Presentation #103.05 in the session Early Results from JWST - II.

Published onApr 03, 2024
Characterization of the atmospheres and surfaces of the rocky exoplanets TRAPPIST-1c and LHS3844b with MIRI on JWST

Rocky planets orbiting M-dwarf stars are among the most common planets known in the galaxy. While many of these worlds have similar densities to the Solar System terrestrial planets, they may have vastly different atmospheres and geology due to their short-period orbits. Here, I will present two recent results from JWST to characterize the atmospheres and surfaces of two rocky exoplanets: (1) We detected thermal emission from the dayside of TRAPPIST-1c with MIRI at 15 microns.

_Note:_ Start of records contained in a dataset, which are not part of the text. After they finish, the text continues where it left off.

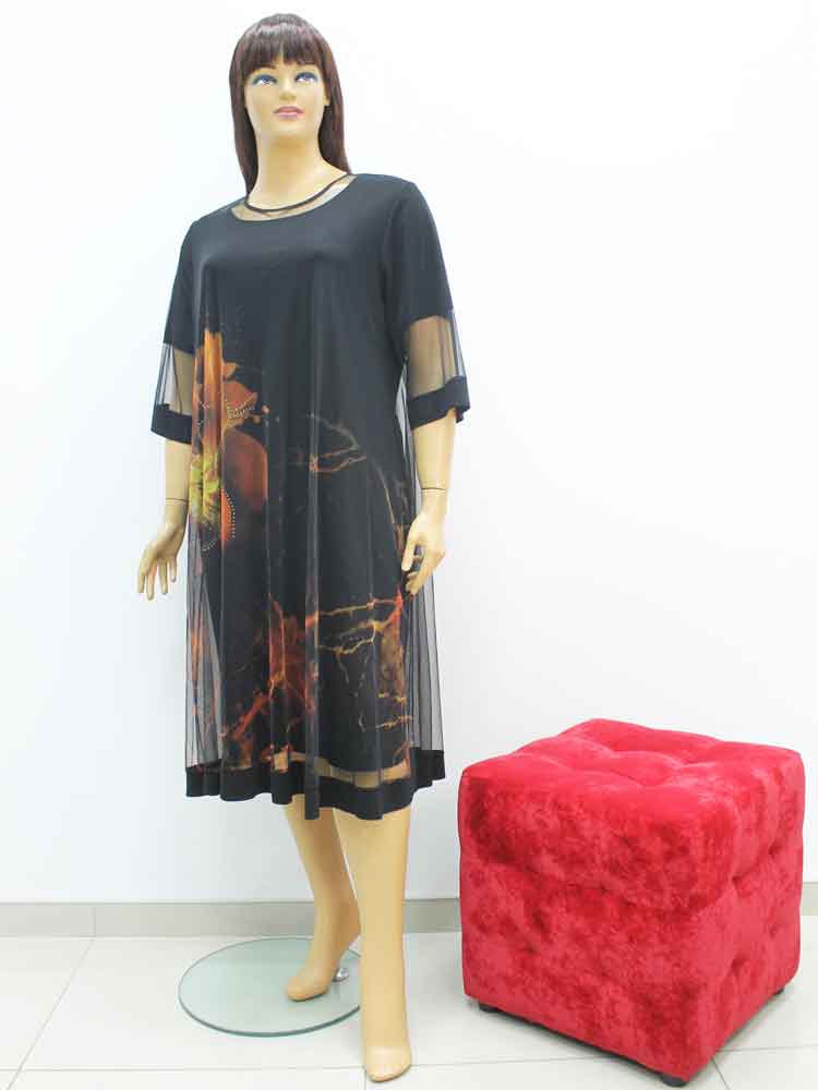 Платье трикотажное комбинированное с сеткой  большого размера, 2022. Магазин «Пышная Дама», Харьков.
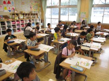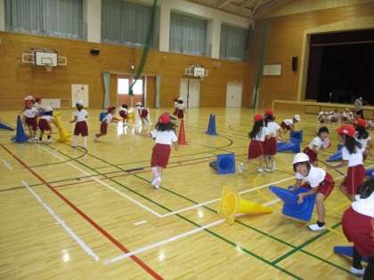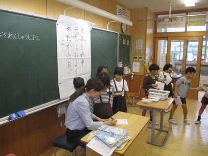 体育科では、楽しくコーン倒しをしていました。競書会に向けての練習も、みんな熱心にしていました。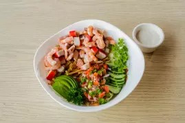 Camarón coctelero, pulpo cocido, surimi, tajin, chile cambray, aguacate, cilantro, cebolla y tomate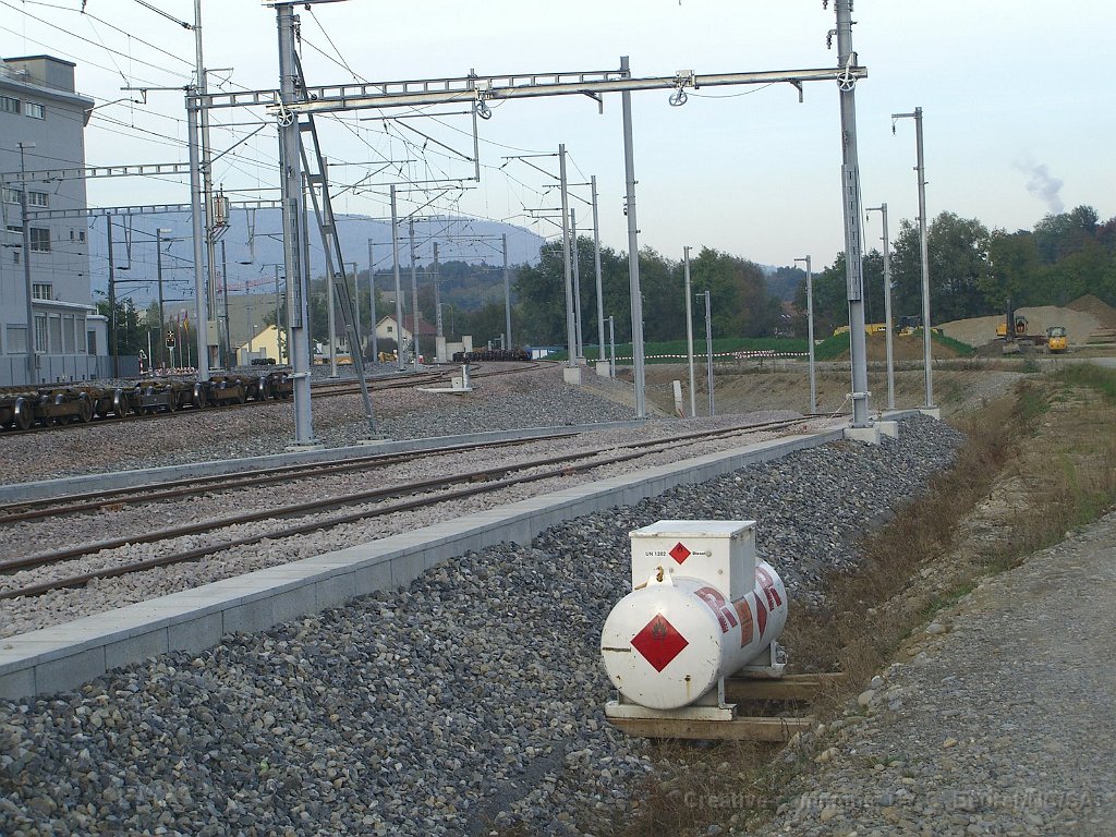Sortie de la gare de Suhr direction Menziken Préparation de la mise en place de la voie dans la courbe à la sortie de la gare côté Menziken Nouveau passage sous-voie Les nouvelles voies de la gare WSB Voies WSB au premier plan, CFF en arrière plan Les deux voies de droite direction Aarau vont passer sous la voie CFF (à gauche)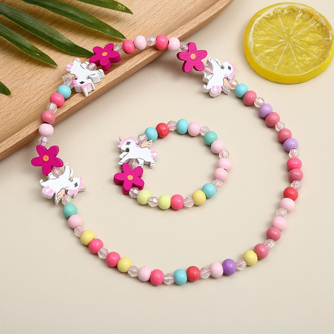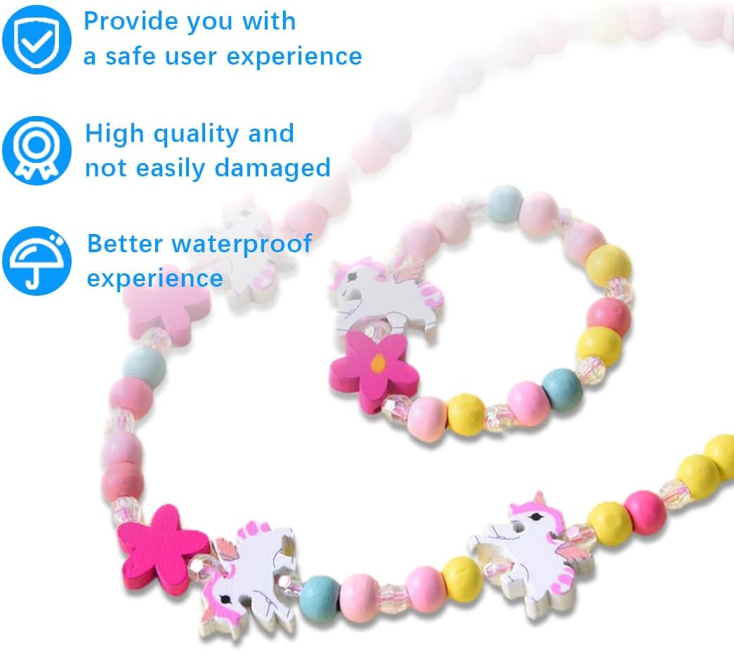 🦄MATERIALE: realizzato con perline e legno di alta qualità, comodo e sicuro. 🦄Ogni set include 1 collana e 1 braccialetto coordinato. 🦄La taglia si adatta al polso della maggior parte delle persone. Inoltre, non è facile da rompere ed è facile da indossare e da togliere, comodo da indossare e da togliere. 🦄Il design arcobaleno dell'unicorno è colorato e affascinante e si abbina a diversi abiti. 🦄I braccialetti colorati possono essere utilizzati in diverse occasioni e sono perfetti come regalo per i bambini. Può anche essere usato come casa, strada, spiaggia estiva, look da indossare tutti i giorni e altro ancora.

The high dayside brightness disfavors a thick, CO2-rich atmosphere on the planet. A Venus-analogue atmosphere with sulfuric acid clouds is also disfavored at 2.6 σ confidence. Thinner atmospheres or bare-rock surfaces are consistent with our measured planet-to-star flux ratio. The absence of a thick, CO2-rich atmosphere on TRAPPIST-1c suggests a relatively volatile-poor formation history. If all planets in the system formed in the same way, this would indicate a limited reservoir of volatiles for the potentially habitable planets in the system. With our observations, TRAPPIST-1c is now the smallest rocky exoplanet with a measured flux. (2) Previous Spitzer observations of the hot planet LHS3844b indicate that it is most likely a bare rock, inviting detailed study of the surface. We recently used MIRI/LRS (5 - 12 microns) on JWST to observe three eclipses of the planet, leading to a confident detection of thermal emission coming from the planet. Our emission spectrum tightly constrains the surface fractions of different rocks, including basalt (expected from volcanism akin to present-day Earth), ultramafic rock (expected from a solidified magma ocean), and granite (an indicator of crustal reprocessing). Our data is also highly sensitive to trace amounts of sulfur dioxide that could arise from ongoing volcanic outgassing (100 ppm sulfur dioxide in a 0.01 bar atmosphere is detectable at over 3 σ confidence). These measurements provide the first empirical constraints on the geologic history of a rocky exoplanet orbiting an M-dwarf.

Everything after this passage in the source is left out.